Unilateral Opening of Rat Blood-Brain Barrier Assisted by Diagnostic Ultrasound Targeted Microbubbles Destruction

Objective. Blood-brain barrier (BBB) is a key obstacle that prevents the medication from blood to the brain. Microbubble-enhanced cavitation by focused ultrasound can open the BBB and proves to be valuable in the brain drug delivery. The study aimed to explore the feasibility, efficacy, and safety of unilateral opening of BBB using diagnostic ultrasound targeted microbubbles destruction in rats.Methods. A transtemporal bone irradiation of diagnostic ultrasound and intravenous injection of lipid-coated microbubbles were performed at unilateral hemisphere. Pathological changes were monitored. Evans Blue extravasation grades, extraction from brain tissue, and fluorescence optical density were quantified. Lanthanum nitrate was traced by transmission electron microscopy.Results.
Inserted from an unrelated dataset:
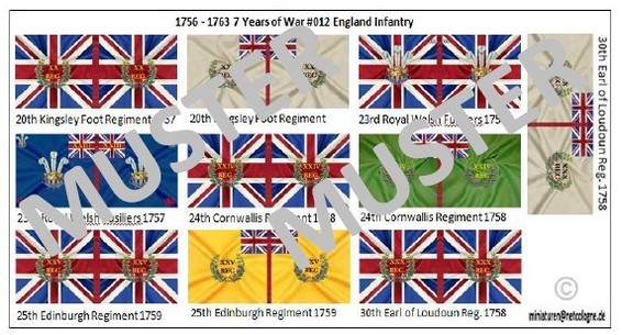 Die Flaggen und Fahnen sind durch die Bank falsch! Der Union Jack bestand bis 1801 lediglich aus dem roten englischen Georgskreuz auf weißem Grunde über dem weißen schottischen Andreaskreuz auf blauem Grunde. Das rote irische Patrickskreuz kam erst 1801 dazu!

After diagnostic ultrasound mediated microbubbles destruction, Evans Blue extravasation and fluorescence integrated optical density were significantly higher in the irradiated hemisphere than the contralateral side (allp<0.01). Erythrocytes extravasations were demonstrated in the ultrasound-exposed hemisphere (4±1, grade 2) while being invisible in the control side. Lanthanum nitrate tracers leaked through interendothelial cleft and spread to the nerve fiber existed in the irradiation side.Conclusions. Transtemporal bone irradiation under DUS mediated microbubble destruction provides us with a more accessible, safer, and higher selective BBB opening approach in rats, which is advantageous in brain targeted drugs delivery.